# [DIRECTIONS FOR THIS TASK]
Begin with the line that holds "Many materials age" and retype through the last line of the listing below, exactly; pictures are not part of the copy.
══ THE DATA
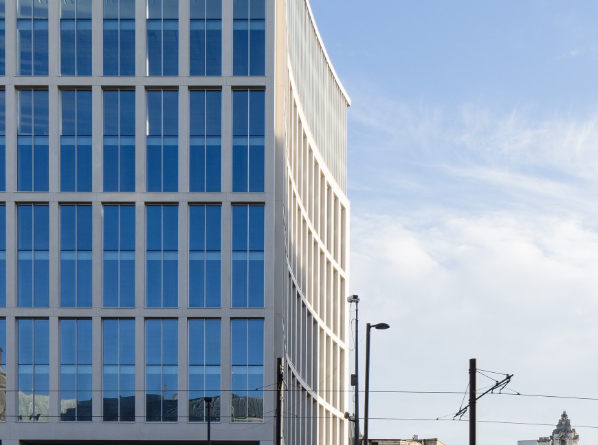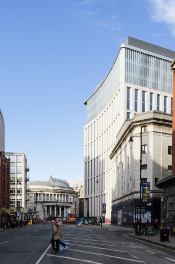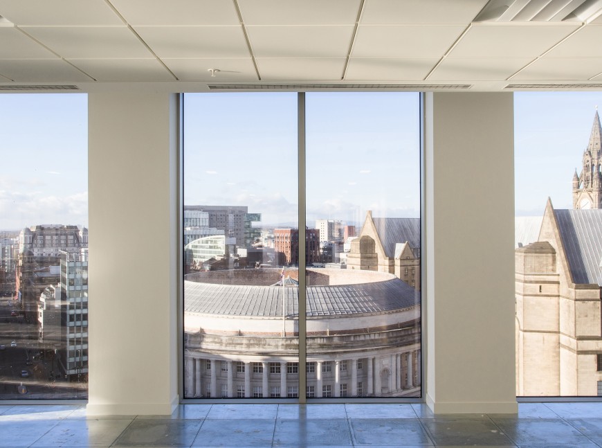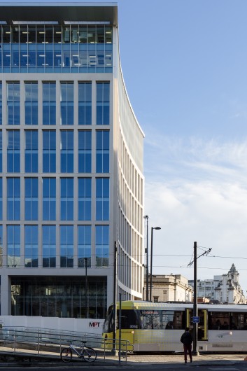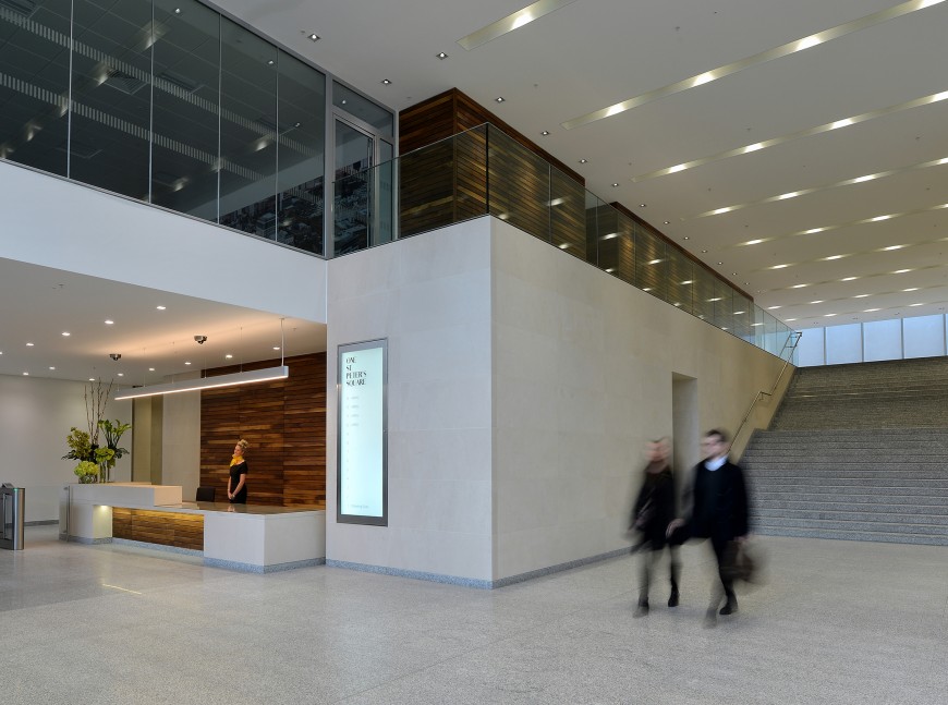 The building achieved a BREEAM ‘Excellent’ rating and contains retail space as well as Grade ‘A’ office space. The retail at ground floor along with a double height office reception which provides a cultural space for public exhibitions helps provide more activity at street level. The reception area is fully glazed providing uninterrupted views and connections across the revitalised public St Peter’s Square whilst still maintaining building security for its tenants.
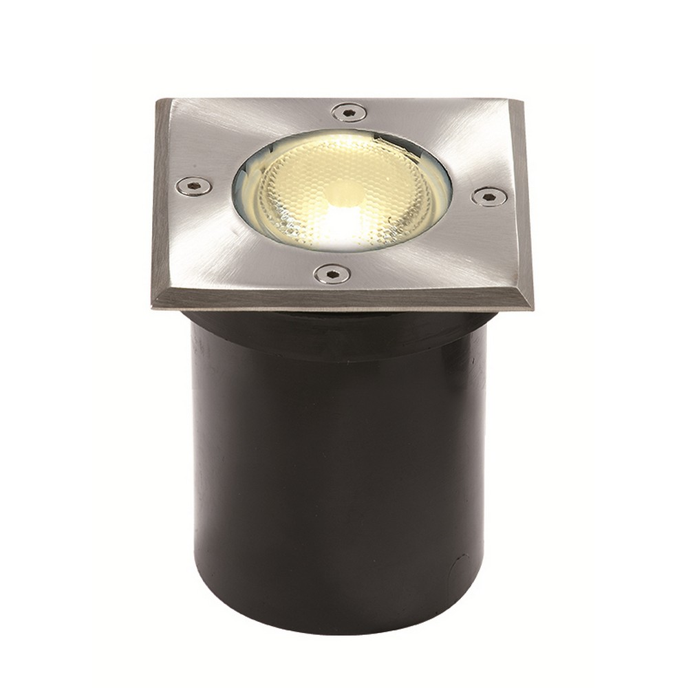 Ανοξείδωτο χωνευτό επιδαπέδιο σποτ εξωτερικού χώρου σε νίκελ ματ χρώμα.
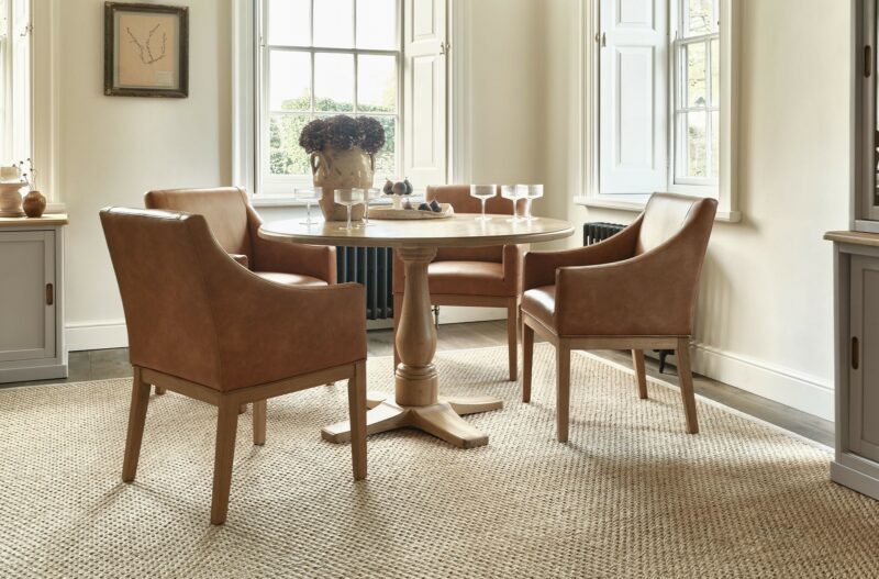Many materials age over time, so you’ll want to consider not just how they look when purchased new, but also how they will look years down the line after many uses. For example, leather is easy to look after but will develop a natural patina over time. If your dining room has a sunny window, be aware that some fabrics may fade when exposed to sunlight.
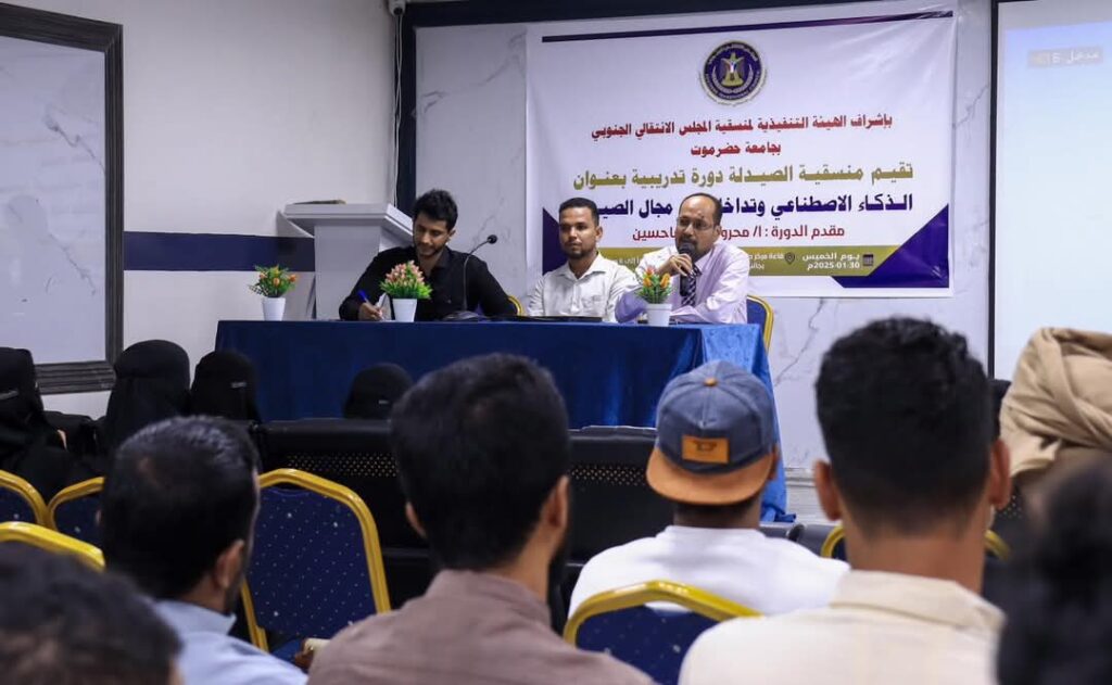 منسقية انتقالي الصيدلة بحضرموت تقيم دورة تدريبية بعنوان “الذكاء الاصطناعي وتداخلاته في مجال الصيدلة”
════
# [EXERCISE ANSWER]
Many materials age over time, so you’ll want to consider not just how they look when purchased new, but also how they will look years down the line after many uses. For example, leather is easy to look after but will develop a natural patina over time. If your dining room has a sunny window, be aware that some fabrics may fade when exposed to sunlight.
 منسقية انتقالي الصيدلة بحضرموت تقيم دورة تدريبية بعنوان “الذكاء الاصطناعي وتداخلاته في مجال الصيدلة”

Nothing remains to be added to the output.